我在scrapy中使用post方法但是他们给了我这些错误TypeError: __init__() got an unexpected keyword argument 'data'
是否有任何解决方案基本上我正在尝试从表中抓取数据这些是我的页面链接https://www.benrishi-navi.com/english/english1_2.php
import scrapy
from scrapy.http import Request
from scrapy.selector import Selector
class TestSpider(scrapy.Spider):
name = 'test'
url = "https://www.benrishi-navi.com/english/english1_2.php"
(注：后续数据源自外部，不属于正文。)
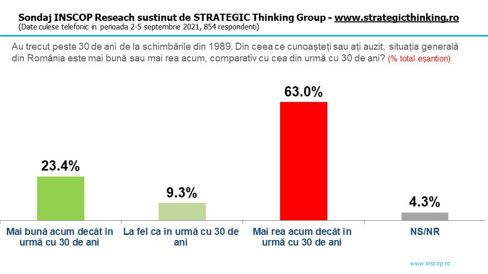 Cercetarea relevă că aproape două treimi dintre români (63%) cred că situația generală din România este mai rea comparativ cu cea din urmă cu 30 de ani. Un alt sondaj Inscop, realizat în urmă cu șapte ani, arăta că 40% dintre români erau de părere că situația e mai rea decât în trecut.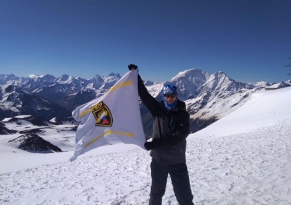 Флаг Горно-металлургического профсоюза России покорил Эльбрус. Официальный атрибут ГМПР на высшую точку России – 5642 метра – поднял работник Ашинского метзавода, член профсоюза Игорь Жаринов.

payload='tuusan_year=&tuusan_month=&tuusan_chk=&methodAndOr1=&methodAndOr2=&methodAndOr3=&text_sen=&text_skill=&text_business=&tokkyo_data=&fuki_day_chk=&shuju=&kensyuu_bunya=&text_kensyuu=&methodAndOr_kensyuu=&keitai_kikan=&keitai_hisu=&display_flag=1&search=2&text=&method=&methodAndOr=&area=&pref=&name=&kana=&id=&year=&month=&day=&day_chk=&exp01=&exp02=&exp03=&trip=&venture_support=&venture_flag=&university_support=&university_flag=&university1=&university2=&university=&college=&high_pref=&junior_pref=&elementary_pref=&tyosaku=&hp=&jukoureki=&experience1=&experience2=&experience3=&experience4=&sort=&fuki_year=&fuki_month=&fuki_day=&fuki_day_chk=&id_chk=&shugyou=&fuki=&address1=&address2=&trip_pref=&expref=&office=&max_count=1437&search_count=10&start_count=1&search_default=10'
headers = {
'Accept': 'text/html,application/xhtml+xml,application/xml;q=0.9,image/avif,image/webp,image/apng,*/*;q=0.8,application/signed-exchange;v=b3;q=0.9',
'Accept-Language': 'en-GB,en-US;q=0.9,en;q=0.8,pt;q=0.7',
'Cache-Control': 'max-age=0',
'Connection': 'keep-alive',
'Content-Type': 'application/x-www-form-urlencoded',
'Cookie': 'CAKEPHP=u6u40lefkqnm45j49a5i0h6bs3',
'Origin': 'https://www.benrishi-navi.com',
'Referer': 'https://www.benrishi-navi.com/english/english1_2.php',
'Sec-Fetch-Dest': 'document',
'Sec-Fetch-Mode': 'navigate',
'Sec-Fetch-Site': 'same-origin',
'Sec-Fetch-User': '?1',
'Upgrade-Insecure-Requests': '1',
'User-Agent': 'Mozilla/5.0 (Windows NT 10.0; Win64; x64) AppleWebKit/537.36 (KHTML, like Gecko) Chrome/103.0.0.0 Safari/537.36',
'sec-ch-ua': '".Not/A)Brand";v="99", "Google Chrome";v="103", "Chromium";v="103"',
'sec-ch-ua-mobile': '?0',
'sec-ch-ua-platform': '"Windows"'
}
def start_requests(self):
yield scrapy.FormRequest(
url=self.url,
method='POST',
data=self.payload,
headers=self.headers,
callback=self.parse,
)
def parse(self,response):
t=response.xpath('table')
print(t)
-
您必须使用FormRequest.from_response代替FormRequest
使用 formdata作为参数而不是data
使用formdata/payload作为键值对,含义为字典
避免注入太多不必要的头文件
全部工作代码为例:
import scrapy
from scrapy import FormRequest
from scrapy.crawler import CrawlerProcess
class TestSpider(scrapy.Spider):
name = 'tes'
start_urls = ['https://www.benrishi-navi.com/english/english1_2.php']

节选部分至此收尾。